We're on our way out of Afghanistan. The politicians know it. The generals know it. The Afghans know it, as do their neighbours. The only people who are apparently not meant to know it are the soldiers fighting this hard-slogging war and the public. We know the start of withdrawal. President Obama has made it clear. It's July of next year. And that has been held to (despite the efforts by the Republicans to force him off the commitment) by General David Petraeus on Tuesday in his Senate confirmation hearings as Stanley McChrystal's replacement to head the forces in Afghanistan. But over what period the withdrawal is expected to take place is surrounded in ambiguity.
David Cameron has now put the time frame at five years, which is at least some indication of allied thinking. The Americans won't give any commitment – although there is the strong suspicion that Obama wants his forces out before his re-election campaign in 2012, which puts an even harder deadline on the nine-year-old venture. It all depends on how the surge goes and how ready the Afghans are to take over. Announcing target dates would only encourage the "enemy" and make withdrawal more difficult.
You can see the military logic, but in political terms it's too late for such obfuscation. The success or failure of the current surge – which, as Petraeus admitted, has become bogged down in some pretty heavy fighting – obviously affects conditions on the ground. If it's working, local handover is made easier. If it doesn't, then handover becomes more difficult if not impossible.
But then are we saying that the less successful the military strategy the longer we have to remain? Of course not. It just influences the extent to which we can get out without appearing to be cutting and running. The central problem – the impossibility – of the McChrystal strategy was that a policy of "hold and build", of retaking ground and then putting in a major effort at civilian reconstruction to win the hearts and minds of the locals, could only work without any deadline. And it could only be effective if it was part of a policy of total occupation – neither of which America or its allies could countenance.

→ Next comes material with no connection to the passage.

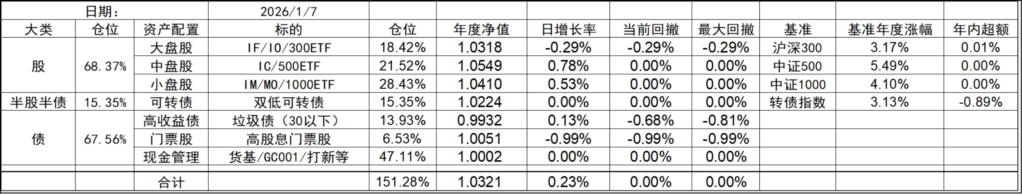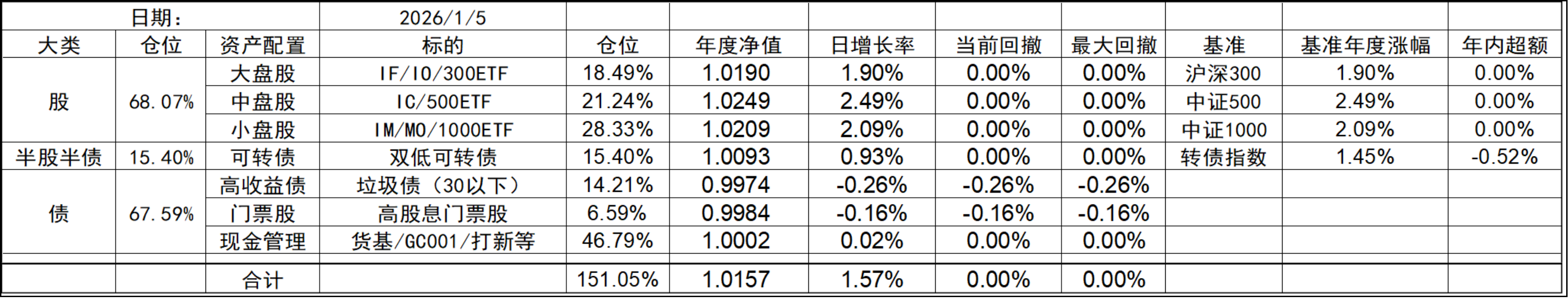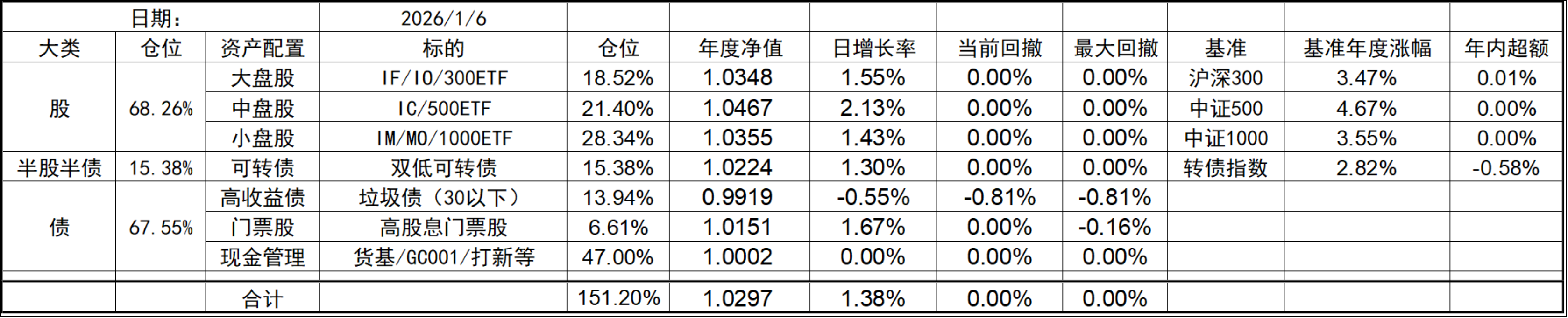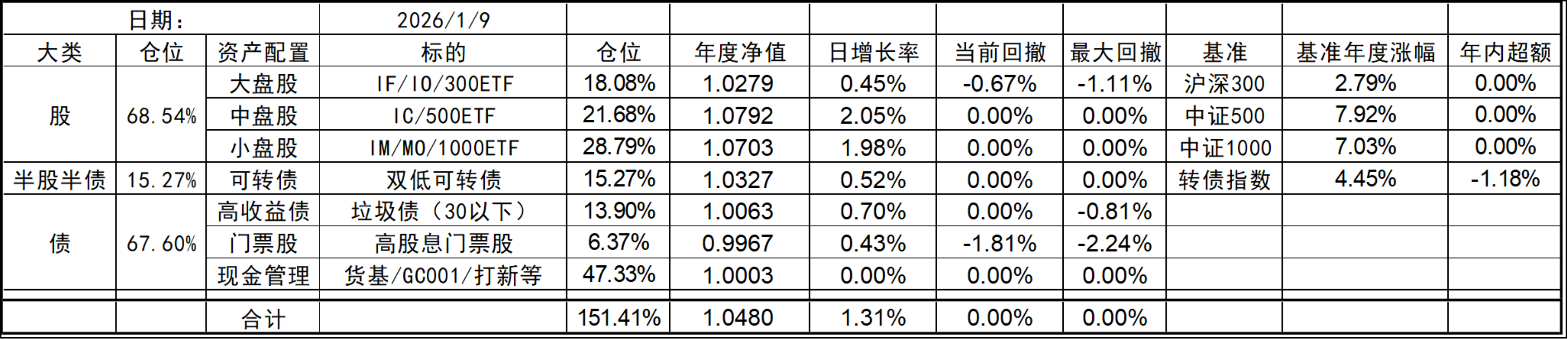 今年的持仓和去年底没有什么变化,微微加仓了点垃圾债,其实就是万科债,由于年底也未主动做平衡。这样持仓继续是7个葫芦娃了。未来一年大概率整体依然是坚持不择时、不深研选股的买入、持有、平衡、套利的策略,投研精力继续放在债端的各种低风险策略上。权益类等效仓位最高不超过100%,固收类则不超过80%,杠杆率控制在130%~180%之间。

Petraeus knows this. He also knows that the conditions which made the surge seem successful in Iraq – the decision by the Sunnis to stop fighting the Americans and the Shia at the same time and the sense by the Shia that they had gained most of what they wanted – don't apply in Afghanistan. As the most political of generals, his main aim now is to get out without a blot of failure on his or the armed services' record.
That essentially means supporting, through gritted teeth and swallowed words, President Karzai in doing whatever deals he feels is necessary to keep in power, whether that means cutting deals with good or bad Taliban and good or bad local feudal lords. It betrays the principles of democracy and the rights of women. It also raises some very big and worrying questions within Afghanistan about the future of the non-Pashtun minorities once the Taliban deals are done. But the truth is that the politicians of the region are already making their moves in the expectation of the withdrawal of Nato troops and there is very little we can do now without making things worse by meddling more.
Our main concern may well have to be directed towards ourselves. This campaign has not only done a great deal of harm to Afghanistan, it has also done considerable damage to the Western Alliance. It was begun as a Nato operation and now threatens to fall apart as a joint enterprise. The Dutch are heading for the exits this year, the Canadians in 2011 and the Polish in 2012.
As Karl-Theodor zu Guttenberg, the Defence Minister of Germany (which has the third largest force in Afghanistan and has lost more than 40 men there) said in London this week, the experience of this war should lead to a radical rethinking of the criteria under which Nato went "out of theatre" in future operations. He's right. Every country is now rethinking its defence budgets and strategies. Before we get too carried away with the idea that old-fashioned Cold War armaments should be replaced by the fleet-footed forces for ventures abroad, we need to think whether we should embark on foreign interventions at all.
Why did Goldsmith change his mind?
While Afghanistan poses new questions, all the old questions of the Iraq venture are being replayed at the Chilcot inquiry, which resumed its hearings this week. Biggest new revelation is the publication of Lord Goldsmith's initial advice saying that invasion would be illegal. Like so much else in this fascinating inquiry, the revelation is not new as such. Lord Goldsmith has already said that he changed his mind before giving his final advice in support of the war. But it does raise all sorts of questions as to why the Attorney General underwent quite such a radical conversion. Whether the Chilcot committee ends up concluding that the war was illegal, I doubt. But one wonders whether the Cabinet Secretary would have allowed publication if Chilcot was still sitting under Labour.
What sticks in my craw, however, is the inquiry's claim to be full and comprehensive. It spent, it boasts, part of the period during the election when it was in purdah visiting France and the US to find out recollections there. The one place it didn't get to, of course, was Iraq itself and the one set of people it is not going to interview is the Iraqis themselves.
How a so-called independent committee, which includes two historians (admittedly neither of them known for expressing any sympathy with the Arab point of view) can claim to understand what went on without finding out the view from the other side beats me. But until we do, we'll never learn the lessons of these conflicts, in Afghanistan no more than in Iraq.